As the scale of equipment continues to grow and the computing environment becomes more and more complex, the difficulty of operation and maintenance of large-scale computing clusters is also increasing. Operation and maintenance methods based on automation technology cannot quickly and effectively solve various service failures in computing clusters. It is urgent to adopt emerging technologies to obtain all-around cluster operation and maintenance information, integrate monitoring data from multiple dimensions, and comprehensively analyze abnormal monitoring data. Based on the results of data analysis, locate the root cause of service failures and help computing clusters quickly restore services.

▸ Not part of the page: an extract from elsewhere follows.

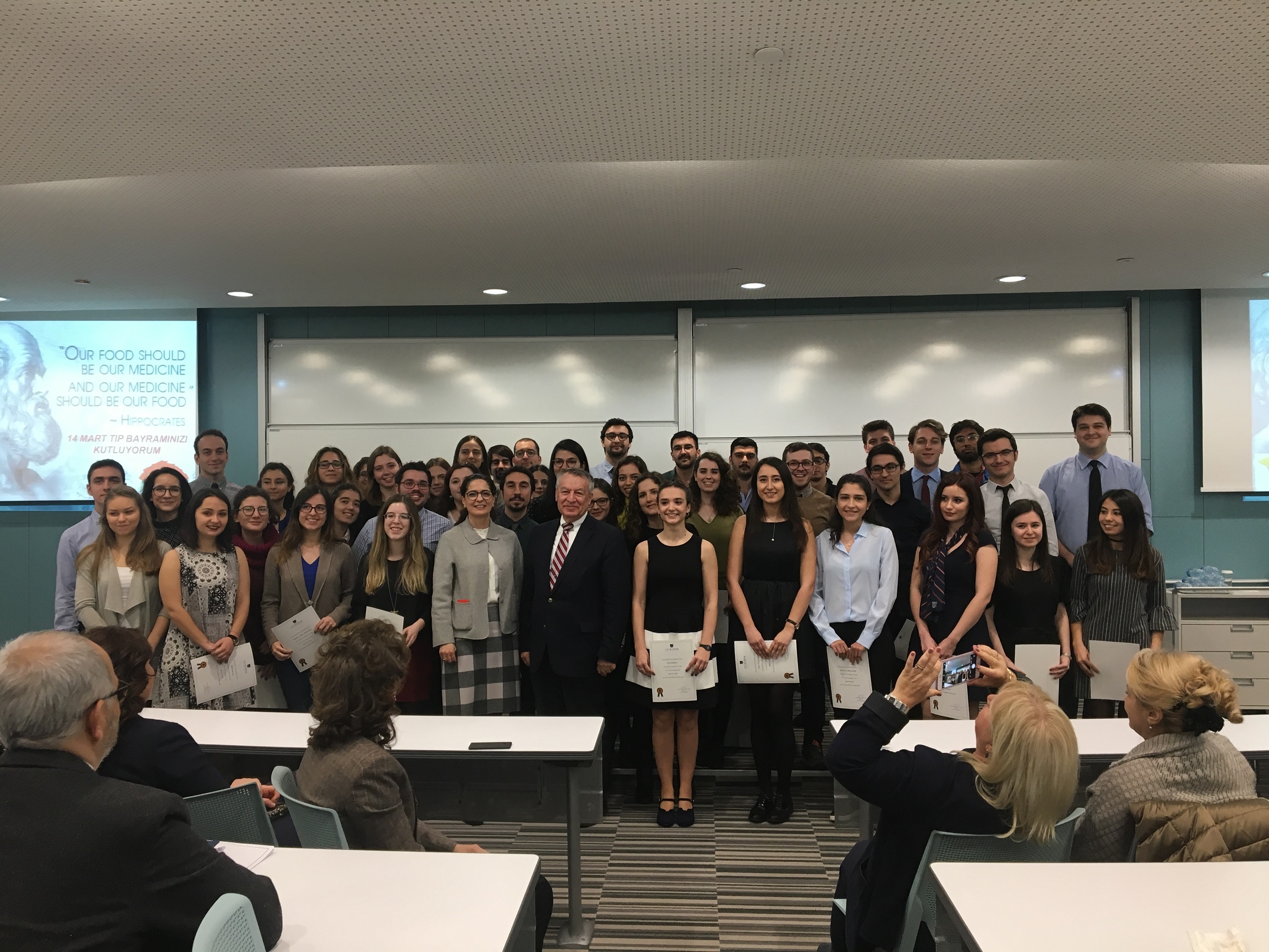 TÜBA Şeref Üyesi ve Uluslararası Hematoloji Derneği Başkanı Prof. Dr. Emin Kansu, Tıp Fakültesi Dekanlığı’nın konuğu olarak 14 Mart Tıp Bayramı Programı kapsamında öğrenciler ve akademisyenler ile bir araya geldi. Prof. Dr. Kansu “Akademik Mikroçevre” başlıklı sunumunda akademi ve öğrenciler arasındaki iletişimin nasıl olması gerektiğine yönelik önemli bilgiler paylaştı.Prof. Dr. Kansu’nun sunumu sonrası 2015-2016 Akademik Yılı’ndaki dönem ortalamaları ile Dekanlık Listesi’ne giren öğrencilere Tıp Fakültesi Dekanı Prof. Dr. Yasemin Alanay tarafından başarı beratları verildi.DEKANLIK LİSTESİ’NE GİREN ÖĞRENCİLER (SOYADINA GÖRE ALFABETİK):RANA ÇAĞLA AKDUMANEMRE AKGÜNBURAK AMİLABDULLAH ARCANAYGUN ASGARLIELİF BARANBERK BULUTTURGUT BORA CENGİZAYŞE ÇAMGÖRENECEM ASENA ÇUHADARECENUR İZZETE DERELİOĞLUBENGİSU GÜNERDAMLA GÜRLEYİKEZGİ GÜRTAYSİBEL EMILIE SULTAN HUETİLAYDA RANA İLGÜNNUR KAKİLLİORUÇ KELEŞKENT OZAN KESKİNPERİ KINDANMELİS KURŞUNEMİR MATPANLETİSYA MELENGİÇDERYA EMEL MOLDURDENİZ MUTLUECE NOKAYPINAR ÖZTEKİNBETÜL PİYADEONUR SAYLIKECENUR ŞAHİNİPEK ŞAKİRMEHMETCAN ŞENGÜLİREM ŞEVİKNİRAN TEKKELİEGE TOPALOĞLUERDİNÇ UYSALİZEL ÜSTÜNKOLMÜGE YALÇINMEHMET EFE YANIKDENİZ YANIKBESRA HAZAL YEŞİLCAN YILMAZYAĞIZ UĞUR YOLCUİLAYDA YÜCEL

In order to provide a more stable cluster operating environment, IHEPCC combined big data technology and data analysis index tools to design and implement a set of open operation and maintenance analysis tool sets (OMAT), which include data collection, correlation analysis, strategy of monitoring data, abnormal alarm and other functions. This report will introduce the architecture, processing capabilities, and some key functions of OMAT. Combined with the processing flow of monitoring data, introduce the specific implementation of the system in data collection, data processing, data storage and data visualization.
The current OMAT platform has been applied to multiple cross-regional computing clusters including IHEP, covering about 5k nodes. The collected information includes node status, storage performance, network traffic, user operations, account security, power environment and other operation and maintenance indicators to ensure the computing cluster’s performance Stable operation.